Thanks for the input guys that sounds logical and sensible. I have to admit when it comes to competing with my friends I am not really either of those. Enduring a year of smack talk is tough when you are among the animals I deal with! Upgrading the wheel set and cassette sounds like a good idea to step it up somewhat without going to crazy and learning more about my capabilities and that of the bike's. Could you give me directions on where to look for relevant reviews and periodicals where I can get educated?


----------



## PlatyPius (Feb 1, 2009)

I would say to look at some brands other than "Chevy" and "Chrysler". It's the Fiats, Ferraris, Bugattis, BMWs, and Nissans that make life interesting.... not the same old boring crap that everyone else has.


----------



## mpre53 (Oct 25, 2011)

If you're looking at the 2014 SL 4, both the Tarmac and Roubaix in the Expert trim have 11 speed Ultegra 6800. So you get the same number of cogs on the rear. Also, Race Lite and Fulcrum 4 should be comparable wheelsets. The difference will be the gearing. Assuming that because a Madone is one bike under consideration, and you'll be interested in the Tarmac, that has a 52/36 crank up front and 11-28 on the rear. The Roubaix, on the other hand, has a 50/34 up front and a 11-32 cassette on the back. If you go with a Madone, and a P1 build, you can probably choose between a standard double (53/39) or a compact (50/34), and the same with a stock 6.2 depending on whether you choose the H1 or H2 geometry.
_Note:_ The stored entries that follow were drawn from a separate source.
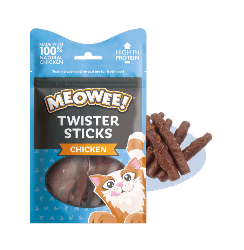 These Chicken Twister Sticks contain no artificial colours or flavours and are an absolute meat feast for your cat, made with 100% natural chicken and wrapped in delicious chicken breast for double the purrs! They're deliciously chewy, long lasting treats that are perfect hand feeding fun for the whole family and are high in protein for a happy cat inside and out.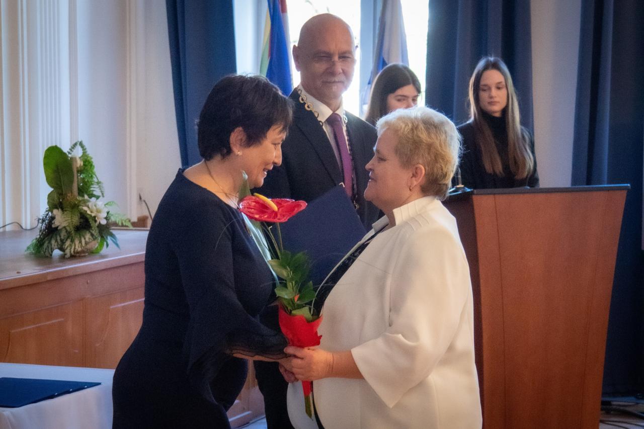 Ocenenie si v tento deň prevzalo celkom desať pedagogických a štyria technicko-hospodárski pracovníci za dlhoročnú pedagogickú prácu a významný prínos v oblasti školstva v meste Moldava nad Bodvou.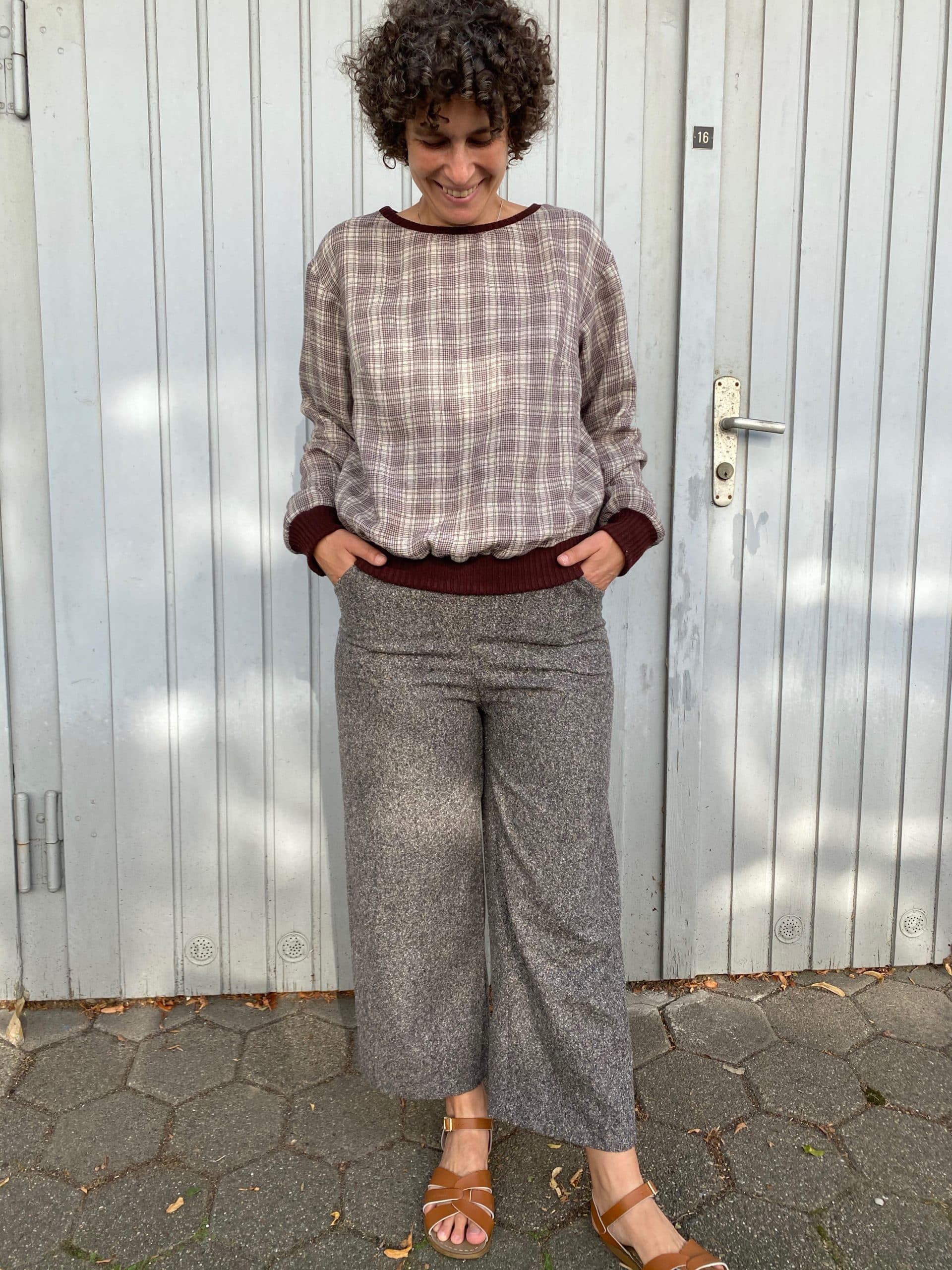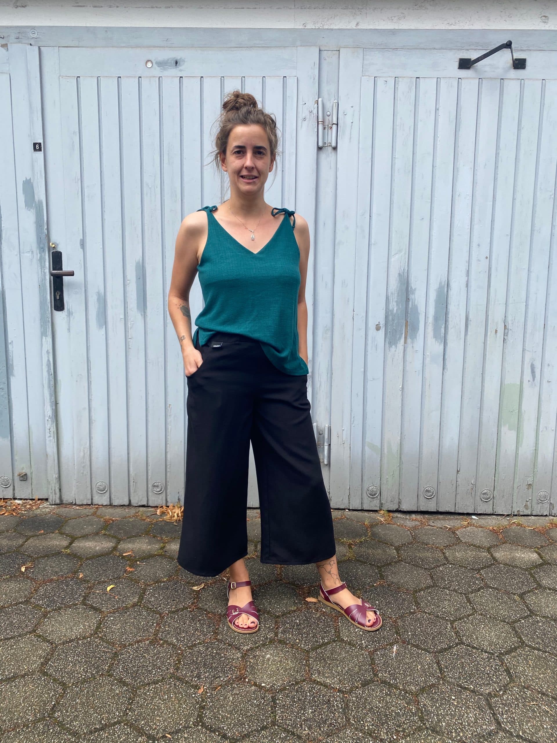 Wir haben die Hose mittlerweile etwas überarbeitet und zusätzlich die Variante einer Culotte eingearbeitet. Ihr könnt die Hose jetzt also auch mit Gummi, statt Bündchen und in trendiger 3/4 Länge nähen 🙂

The other big difference is price. Either a P1 build with 6800 and Race Lite or the stock 6.2 will run you $800 more than either a Tarmac or Roubaix Elite, at full MSRP. Shop discounts may vary.
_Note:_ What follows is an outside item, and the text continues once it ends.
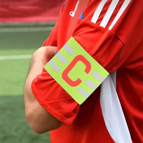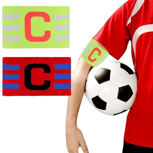 Fasce da Capitano, Fascia da Braccio Capitan Football, Colore Elastico 2 Pezzi Fascia da Capitano per Senior Junior Calcio Sport Capitano Fascia per Adulti Giovani Calcio, Verde Fluorescente, Rosso

I have no idea how the series 6 frames match up against the FACT 10 frames on the Elite series Speshes. Probably roughly comparable, since they're both one grade below the companies' top of the line (and price) frames.


----------



## roblondon (Dec 4, 2013)

mpre53 said:


> If you're looking at the 2014 SL 4, both the Tarmac and Roubaix in the Expert trim have 11 speed Ultegra 6800. So you get the same number of cogs on the rear. Also, Race Lite and Fulcrum 4 should be comparable wheelsets. The difference will be the gearing. Assuming that because a Madone is one bike under consideration, and you'll be interested in the Tarmac, that has a 52/36 crank up front and 11-28 on the rear. The Roubaix, on the other hand, has a 50/34 up front and a 11-32 cassette on the back. If you go with a Madone, and a P1 build, you can probably choose between a standard double (53/39) or a compact (50/34), and the same with a stock 6.2 depending on whether you choose the H1 or H2 geometry.
> 
> The other big difference is price. Either a P1 build with 6800 and Race Lite or the stock 6.2 will run you $800 more than either a Tarmac or Roubaix Elite, at full MSRP. Shop discounts may vary.
> 
> I have no idea how the series 6 frames match up against the FACT 10 frames on the Elite series Speshes. Probably roughly comparable, since they're both one grade below the companies' top of the line (and price) frames.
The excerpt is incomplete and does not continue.